Born in a small town in New Hampshire, Eggers is known for his accurate renderings of bygone eras. His love of historical detail, he says, dates back to his childhood days, when he hoarded costumes and swords and “quite a lot of books” in his room. Nothing is left to chance in his films. It starts with the historic wool fabrics, the way the houses are built and the dim light. And continues with the shields, hounds and ancient musical instruments. Eggers loves to indulge in such details and subtleties. Otherwise rather reserved, his sentences become fast and exuberant when he talks about it. For his film he consulted historians and archaeologists. The result is probably the most realistic Viking film ever made. That’s why, Eggers jokes, the cast was so crucial: “Viking clothes and haircuts were really far from cool and sexy. Fortunately, Alexander and Anya would even look good if you put them in potato sacks.”

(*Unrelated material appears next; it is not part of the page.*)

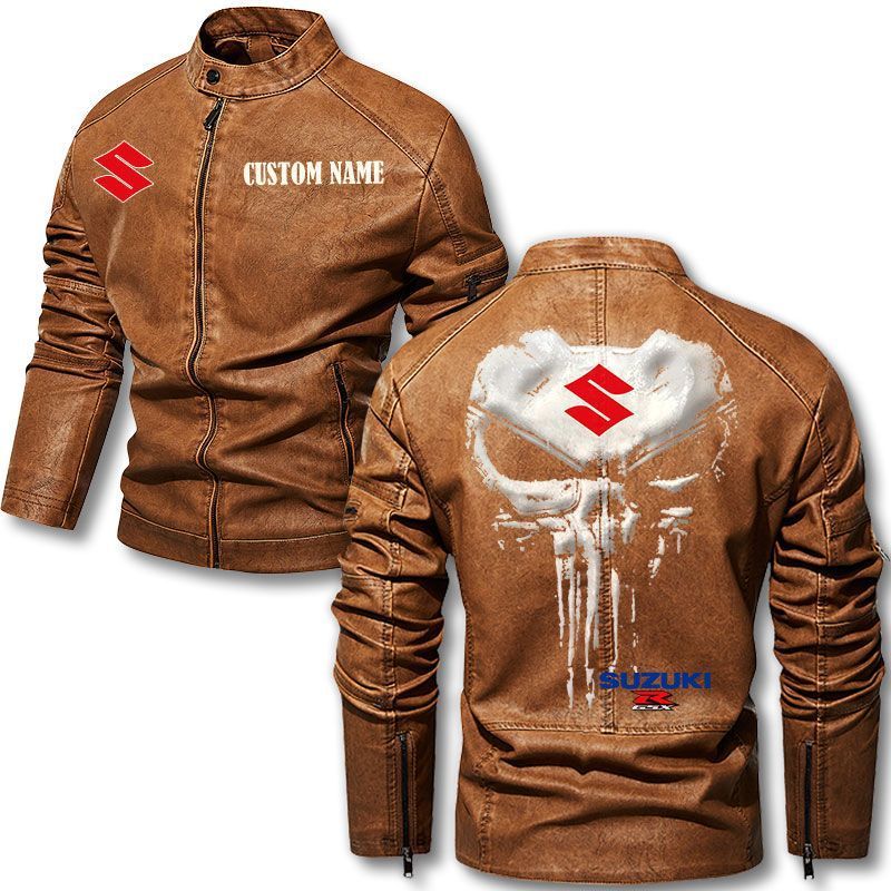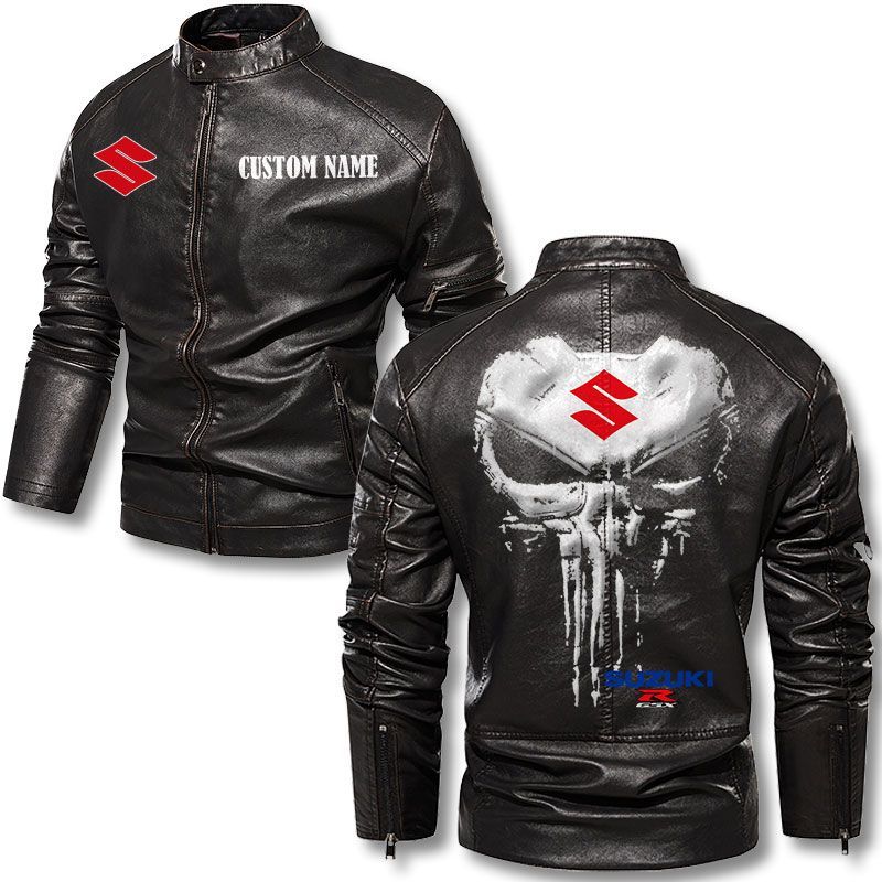 Custom Name Punisher Skull Gsx Motorcycle Leather Jacket

In fact, Robert Eggers has always been “allergic” to anything to do with Vikings. “I liked movies like ‘Conan the Barbarian’ as a kid, but as an adult I was put off by that kind of machismo. And I was skeptical about the far-right hijacking of Norse mythology.” That changed when he traveled to Iceland with his wife in 2016. “It blew my mind. Those landscapes. Like another world. Ancient and sublime. As if the story hadn’t started here.” He began to concern himself with culture. Things picked up speed when his leading actor, Alexander Skarsgård, told him that he had been trying and failing to make a Viking film for years. The screenplay was created together with the Icelandic author Sjón Sigurðsson. “I needed someone who would grow up surrounded by all the supernatural things – the earth spirits, elves and mythical lore – that Icelanders believe in. Sjón was my arbiter when it came to whether anything was Icelandic enough.”

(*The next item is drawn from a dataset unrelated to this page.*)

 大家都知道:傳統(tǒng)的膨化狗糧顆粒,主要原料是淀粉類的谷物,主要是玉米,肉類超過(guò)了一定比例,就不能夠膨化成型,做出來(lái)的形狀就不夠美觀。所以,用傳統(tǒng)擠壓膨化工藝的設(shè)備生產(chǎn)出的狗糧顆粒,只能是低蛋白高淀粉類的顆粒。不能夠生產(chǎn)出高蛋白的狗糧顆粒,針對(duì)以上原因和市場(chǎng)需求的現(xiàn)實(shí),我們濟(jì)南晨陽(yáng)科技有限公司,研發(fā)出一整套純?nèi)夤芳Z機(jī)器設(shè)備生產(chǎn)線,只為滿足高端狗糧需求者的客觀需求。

He has a “strong affinity for the past,” says Robert Eggers about himself. “What I like about these past cultures is that the world of myth and reality are often one and the same. There are no borders.” So it’s rather unlikely that one of his films will ever take place in the present? “I think it would kind of break my heart to have smartphones and computers in my films.”

It is fitting that Eggers wants to remake Friedrich Wilhelm Murnau’s silent film classic “Nosferatu” with Willem Dafoe as his next project. The film recently turned 100 years old. For someone like Eggers, probably just past enough.